Laut der Modezeitschrift „Cosmopolitan“ ist es „das kontroverseste Dirndl„(externer Link) der diesjährigen Saison: das seit kurzem erhältliche Dirndl von Adidas, lieferbar in Schwarz und Weiß, wobei viele Größen auf der Homepage des Sportwaren-Herstellers schon ausverkauft sind. Was ist dran an der Aufregung?
Platzpatrone „Wiesn-Tracht“-Tradition
Bayerische Traditionalisten, wie zum Beispiel die in Berlin erscheinende Tageszeitung „Welt“, beklagen ein „Verhunzen“ (externer Link) und sehen reines Profitstreben am Werk: „Echte Verbundenheit mit bayerischer Tradition sieht anders aus. Statt der jahrhundertealten Symbolik von Tracht scheint es hier vor allem um den schnellen Profit zu gehen. Kultur wird zur Ware, Identität zum Produkt.“
Unter einem Video der Münchner Influencerin Lina Sophie (externer Link), die ihr sportliches Dirndl zur Schau stellt, ist auch nicht jeder ein Fan: „Auf dem Land wäre das nichts“, heißt es da. Statt so einem Kleid „könnte man mit einem Jogginganzug auch gleich gehen“. Für manche wäre es sogar „fast schon eine Beleidigung“, so etwas zu tragen.

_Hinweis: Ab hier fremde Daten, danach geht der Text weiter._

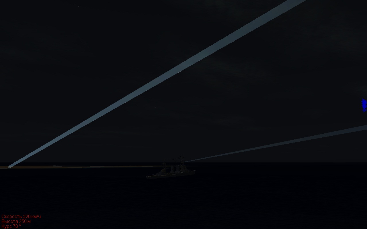 Кроме этого есть проблемы с не знаю как назвать, балллистикой, что ли? Луч прожектора (орудия) бьёт чуть впереди от летящей цели. Как бы берет упреждение. Как решить эту проблему, пока не ясно.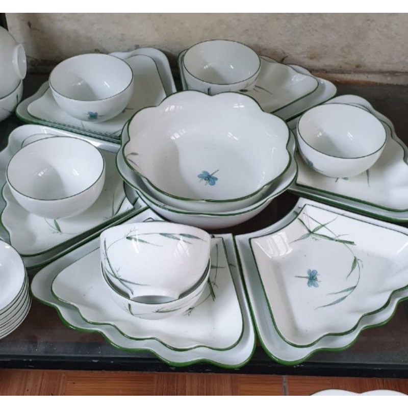 Nhà cửa & Đời sống > Bộ đồ bàn ăn > Tô || Bộ bát đĩa Hoa mặt trời vẽ cảnh trúc chuồn - Hàng sứ Bát Tràng.Còn hàng

Offenbar hat sich nicht herumgesprochen, dass das Dirndl keineswegs mit einer jahrhundertelangen Tradition aufwartet, sondern eine Erfindung des 19. Jahrhundert ist. Die Modehistorikerin Simone Egger erklärt: „Das kam so, dass im Laufe des 19. Jahrhunderts München wirklich zu einer Großstadt geworden ist. Vor allen Dingen, weil junge Menschen aus dem Umland zugezogen sind, die auf der Suche nach Arbeit waren. Und von ihrem Verdienst haben sie sich dann so etwas gekauft. Und das haben sie wieder mit ins Oberland transportiert, wo wir es heute in der Form noch sehen.“
Die Wiesn-„Tracht“ kommt nicht vom Dorf, sondern war erst Sommerbekleidung für die städtische, modische Dame, bevor es dann ins Oberland wanderte und dort mit Silberkette und schwarzem Mieder bis heute getragen wird. Das schwere Geschütz, eine kulturelle Tradition missbraucht zu haben, ist also eher eine Platzpatrone.
Logo? Mehr davon!
Wie sieht denn das Sport-Festgewand nun eigentlich aus? Es gibt es nur in den zwei Varianten – weiß und schwarz, als Zweiteiler: Kleid mit Ärmeln und Schürze. Hervorstechendes Merkmal: sehr, sehr viel Logo. Natürlich die drei Streifen auf dem Oberteil, die Schürze über und über bedeckt mit dem blattförmigen Logo, das natürlich auch am Reißverschluss prangt.
Das zitiert einen nicht ganz taufrischen Trend der Modeindustrie der letzten Jahre, nämlich das Firmenlogo sehr groß, mit Strass oder als Muster überall auf die Handtasche oder den Trainingsanzug zu drucken. Lange Zeit haben Louis Vuitton oder Gucci damit Geld gescheffelt, allerdings fallen ihre Umsätze gerade.
Quiet luxury ist das Adidas-Dirndl also nicht. Noch dazu, da auf der Firmenseite das Sport-Gewand mit Turnschuhen und Socken mit noch mehr Logo als Ausgeh-Outfit empfohlen wird. Die mutmaßliche Zielgruppe: Der Prenzlauer-Berg-Hippster, der mit einem ironischen Lächeln auf die Wiesn geht. Aber die Wiesn-Wirte haben ein großes Herz, die lassen mutmaßlich auch die Spree-Franken-Dirndl rein.
Ein „bierfestes“ Dirndl
Adidas ist nicht das einzige Streetware-Label, das sich versucht zu diversifizieren, also mehr Märkte als den Sportplatz für sich zu gewinnen. Auch das Label Highsnobiety hat zusammen mit Lodenfrey ein Dirndl designt – als Teil einer größeren Oktoberfest-Kollektion. Es wirbt damit, dass ihr Dirndl dank Gore-Tex „beer-proof“, also bierfest sei. Allerdings wurde das gute Stück nur in drei Exemplaren hergestellt, ist also eher Marketing als Marktlücke.